**DATA FOR REVIEW**.
BEGIN
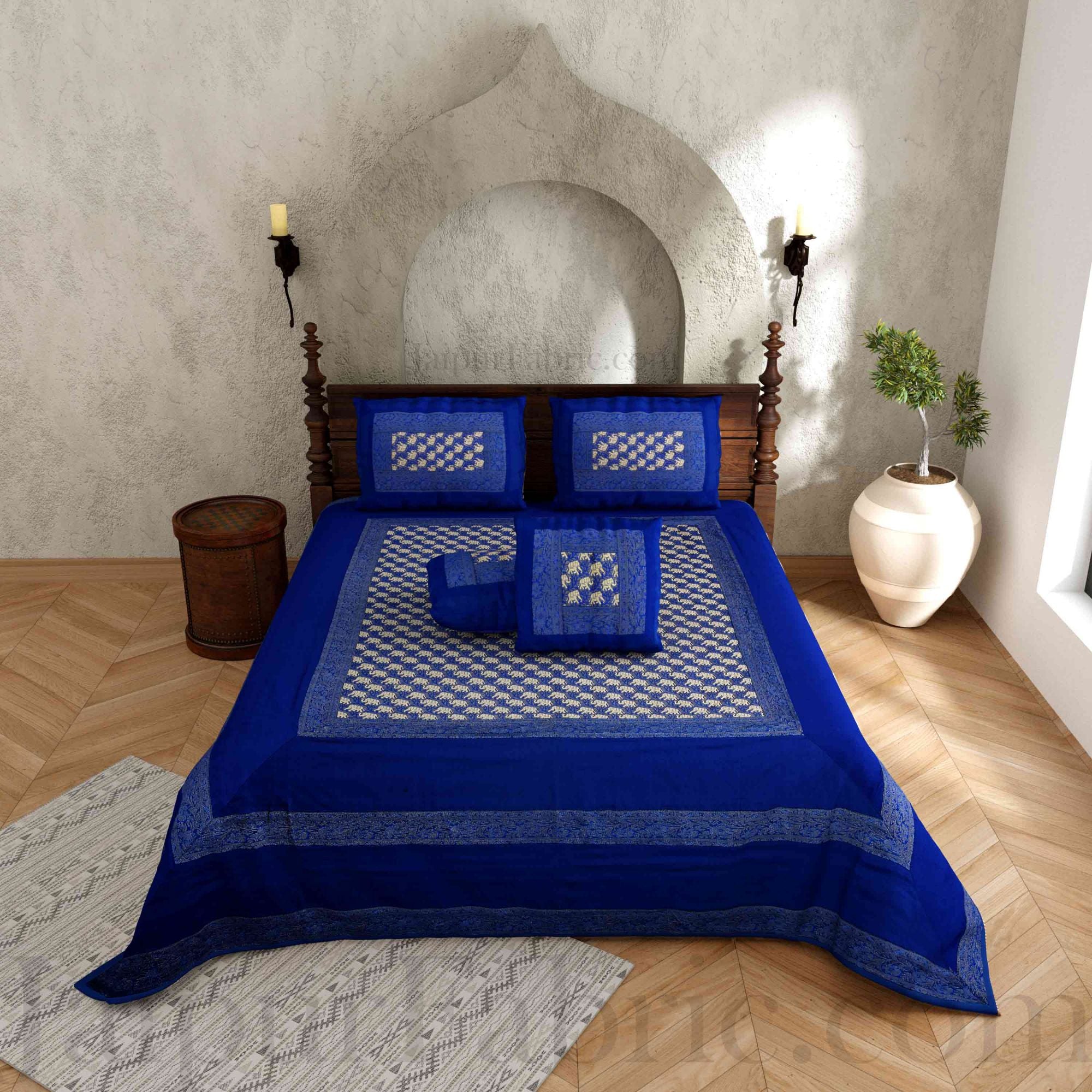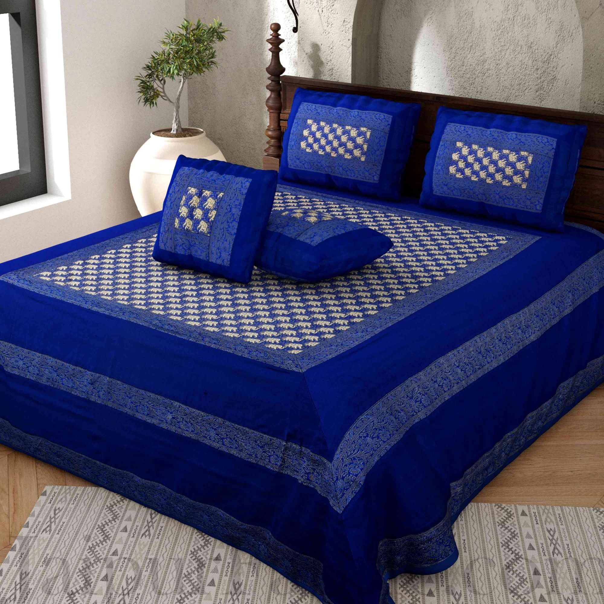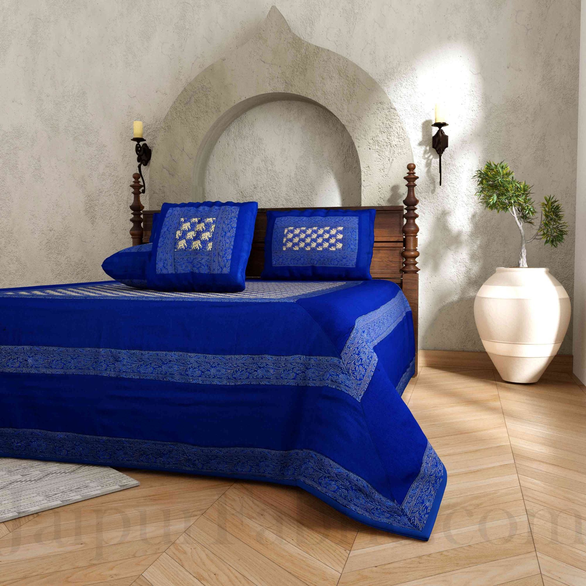 Add a touch of Rajasthan's royal charm to your home with this Blue Rajasthani Zari Embroidered Lace Elephant Thread Work Silk Double Bed Sheet. Perfect for creating an opulent atmosphere, it’s a must-have for lovers of traditional craftsmanship. 🌟💙
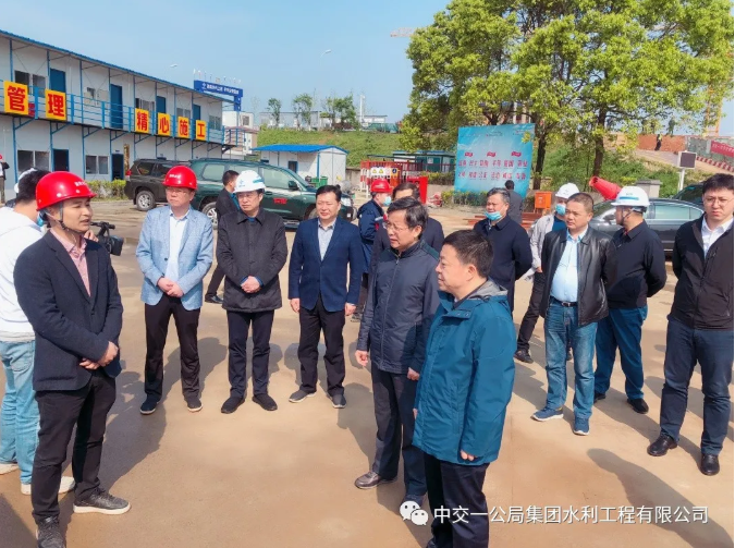 叶建春一行首先深入团洲泵站施工现场,听取了关于项目施工进程及防汛度汛工作开展情况的汇报,实地察看了防汛准备工作落实情况,对公司良好的发展势态和项目建设取得的进展给予充分肯定。叶建春强调,安全生产和防汛工作事关人民群众生命财产安全,事关经济发展、社会和谐稳定,做好这两项工作意义重大。他指出,项目部上下要强化政治意识、大局意识,清醒认识做好当前安全生产和防汛工作的极端重要性,牢牢绷紧安全生产和防汛工作这根弦,集中时间、集中力量、集中精力抓好各项工作;要认真分析今年的防汛形势,把各种隐患排查得更深一些,把各项工作做得更实一些,科学安排,周密部署,充分准备,全力以赴做好今年防汛工作。
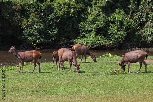 © Sakchai, Fototapeta premium Deer herd in Khao Yai national Park, Thailand
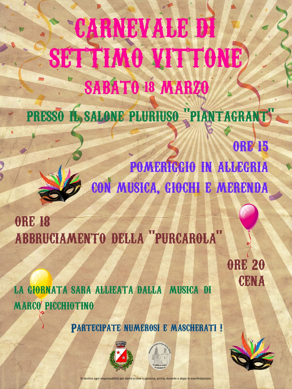 Sabato 18 Marzo presso il Salone pluriuso "Pinatagrant" alle ore 15:00.
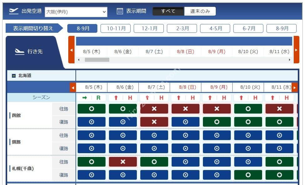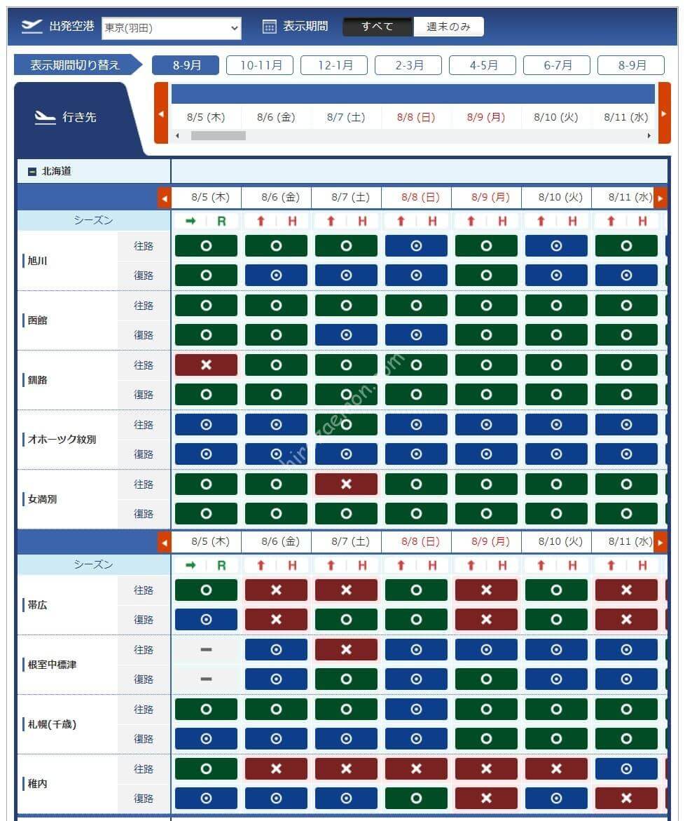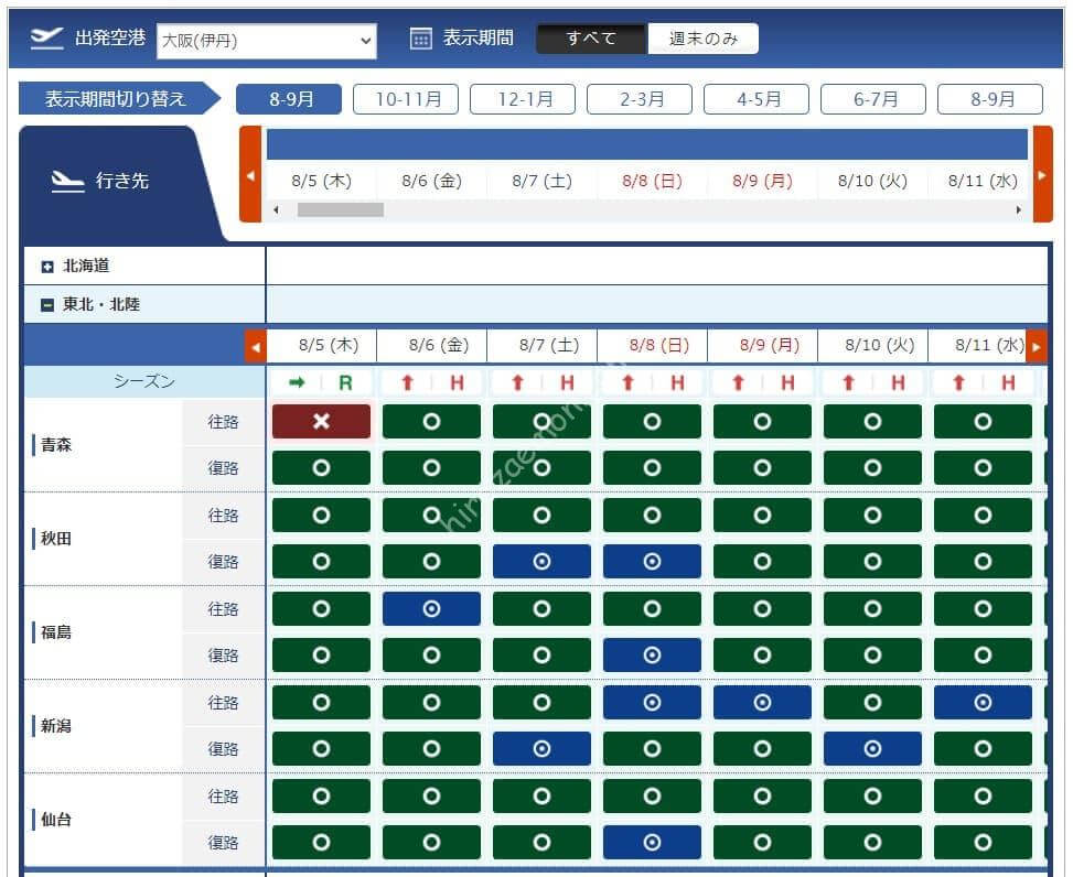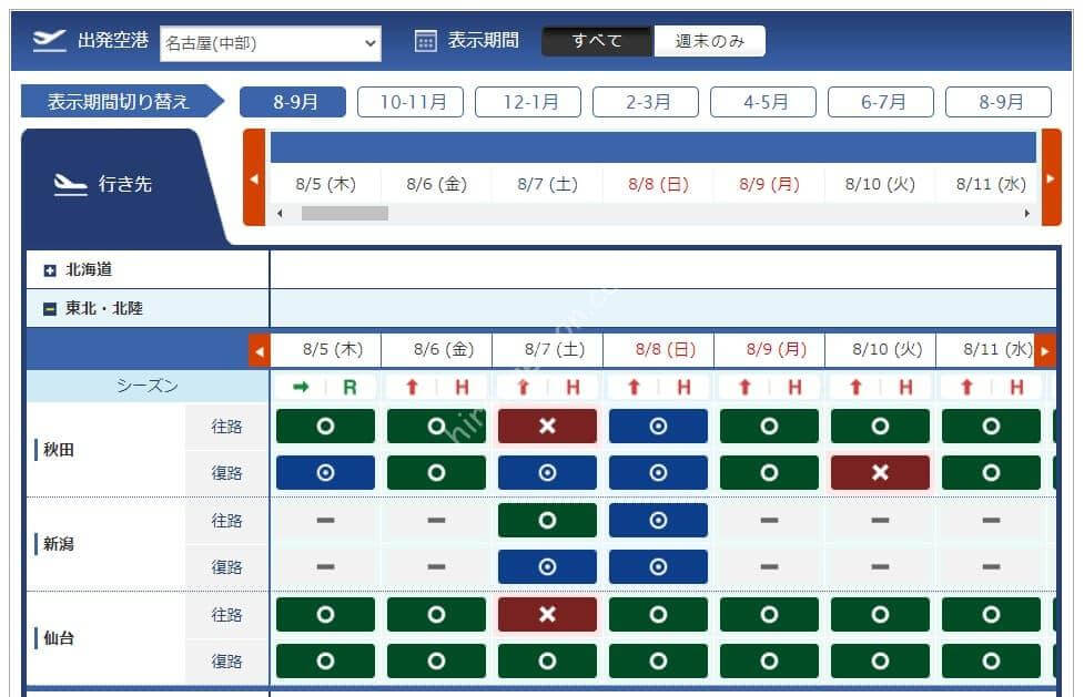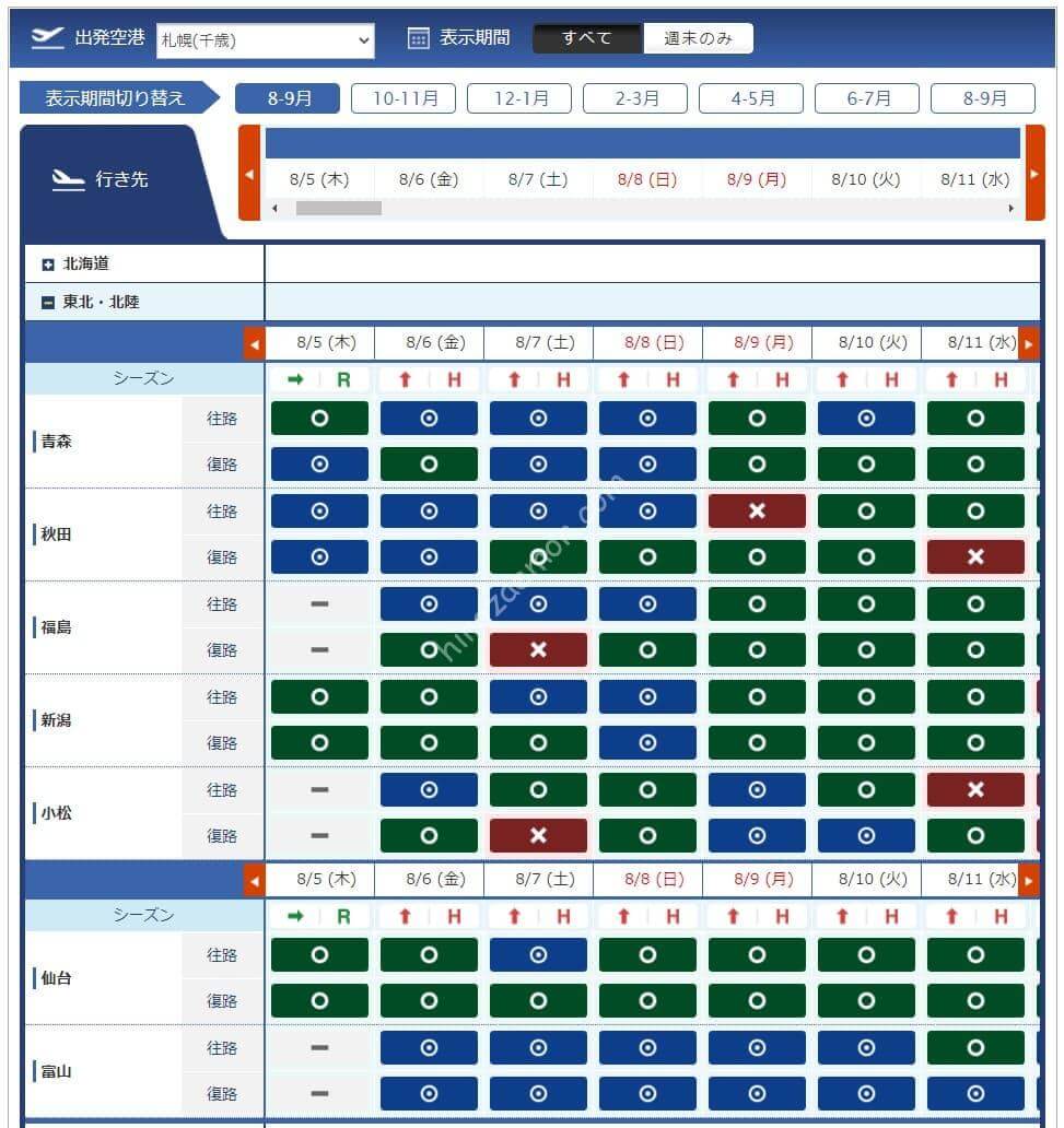 8月6日からはハイシーズンに入るため、4,500マイルから8,500マイルと先週までのトクたびマイルより必要マイルが増えています。
END
**WHAT NEEDS TO BE DONE**. Pictures are skipped here. Print exactly, and only, the lines from the one holding "Sabato 18 Marzo" through the final line of the material above, both ends included.

**SOLVED PROBLEM**.
 Sabato 18 Marzo presso il Salone pluriuso "Pinatagrant" alle ore 15:00.
 8月6日からはハイシーズンに入るため、4,500マイルから8,500マイルと先週までのトクたびマイルより必要マイルが増えています。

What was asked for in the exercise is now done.